- PROBLEM REQUIREMENTS
Word for word, reproduce each line of the data below, omitting every image.

- RAW DATA
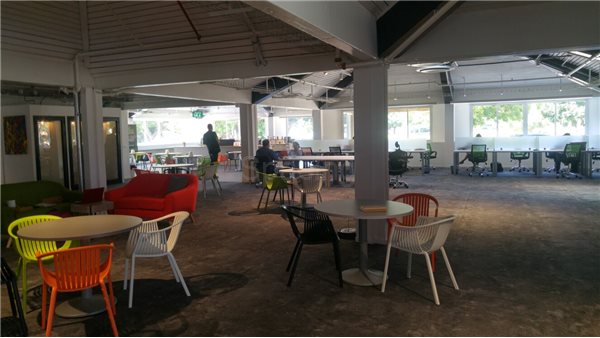 המקום מאוד שקט ופרוס בצורה של אופן ספייס רחב וסביבו אשכולות של משרדים, כאשר כל אשכול צבוע בצבע אחר. במתחם יש פינות ישיבה מפוזרות עם ספות, ועל הקירות מגוון תמונות מגלריה שנמצאת בעמק חפר. החלונות שבמתחם פונים למה שמסביר את שם המקום – המון ירוק, מדשאות ועצים.
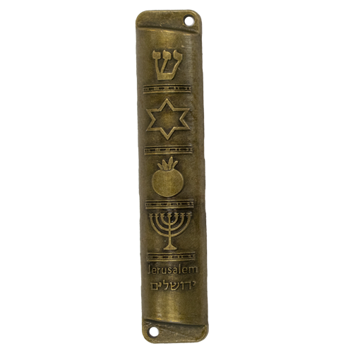Jerusalem Wall/Menorah Olive Wood Mezuzah Case
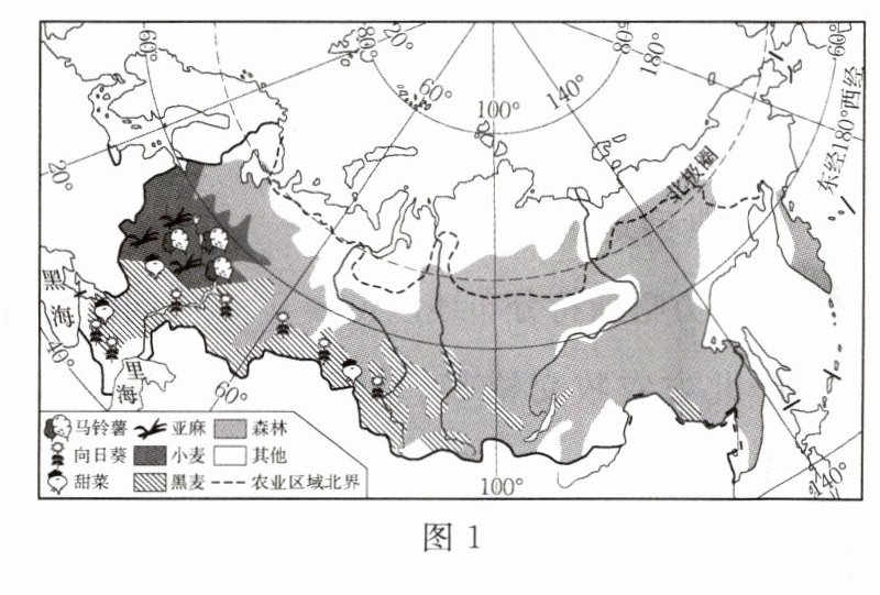 材料一 俄罗斯耕地面积位列世界第三,是世界小麦主要出口国之一,但其农业发展水平仍低于中国。图1为俄罗斯主要农作物及森林分布示意图。

- OUTPUT FOR THIS EXERCISE
 המקום מאוד שקט ופרוס בצורה של אופן ספייס רחב וסביבו אשכולות של משרדים, כאשר כל אשכול צבוע בצבע אחר. במתחם יש פינות ישיבה מפוזרות עם ספות, ועל הקירות מגוון תמונות מגלריה שנמצאת בעמק חפר. החלונות שבמתחם פונים למה שמסביר את שם המקום – המון ירוק, מדשאות ועצים.
Jerusalem Wall/Menorah Olive Wood Mezuzah Case
 材料一 俄罗斯耕地面积位列世界第三,是世界小麦主要出口国之一,但其农业发展水平仍低于中国。图1为俄罗斯主要农作物及森林分布示意图。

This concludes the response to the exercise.